▶ _Task item_
Print the line containing "This app presents" and each line after it through the end of the material below, exactly as it appears, but skip the pictures.

▶ _Data below_
---

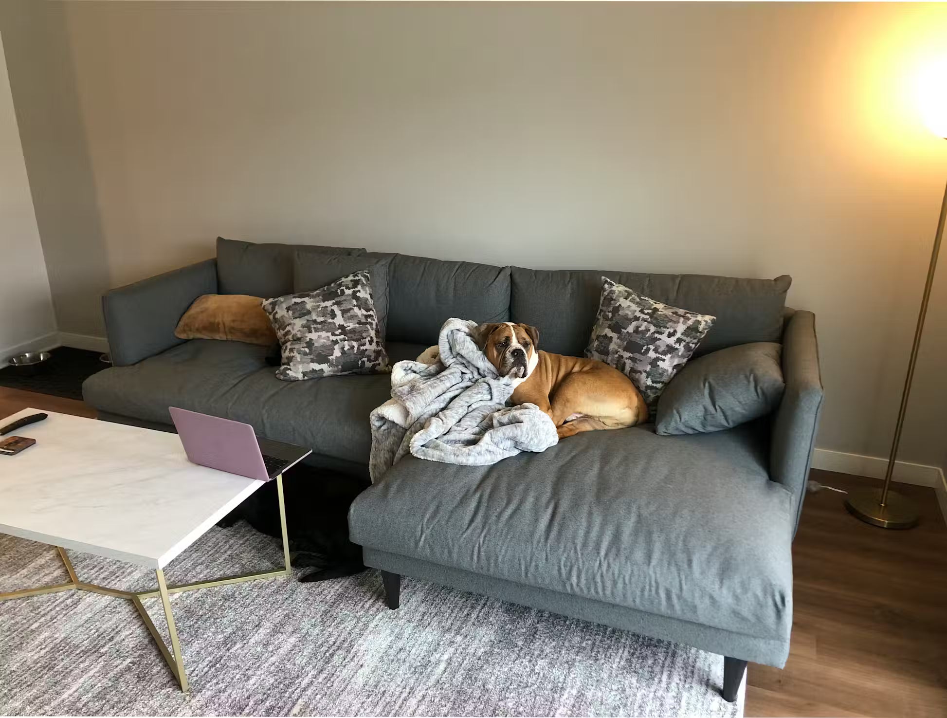 "Love the couch! The pet-proof fabric was a bit rough at first but it's breaking in beautifully. Super easy to vacuum. Definitely would recommend!"
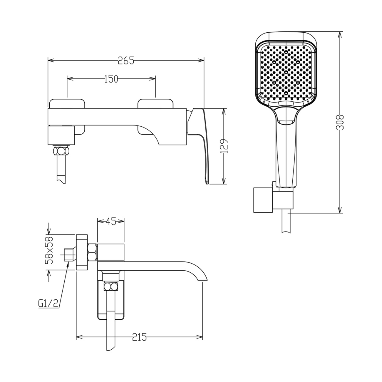 Смеситель для ванны и душа, графит Raglo, R02.30.09
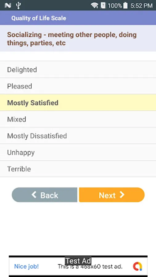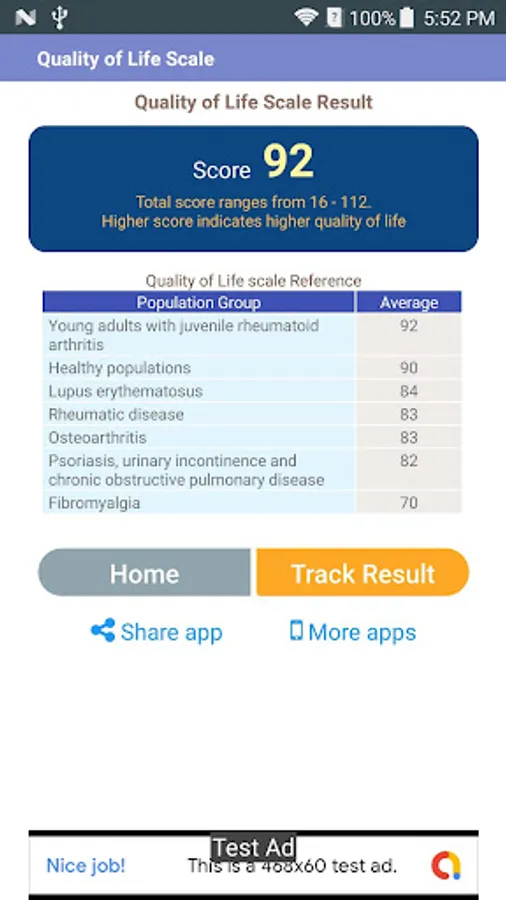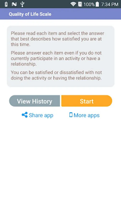 This app presents 16 multi-faceted assessment questions that can measure your quality of life and well-being with a quantitative score. A reference is provided as a comparison to the average score for multiple groups of the general population.
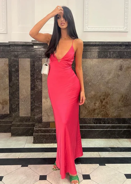 Fuchsia Simple V Neck Straps Long Party Dresses

---

▶ _Task result_
 This app presents 16 multi-faceted assessment questions that can measure your quality of life and well-being with a quantitative score. A reference is provided as a comparison to the average score for multiple groups of the general population.
 Fuchsia Simple V Neck Straps Long Party Dresses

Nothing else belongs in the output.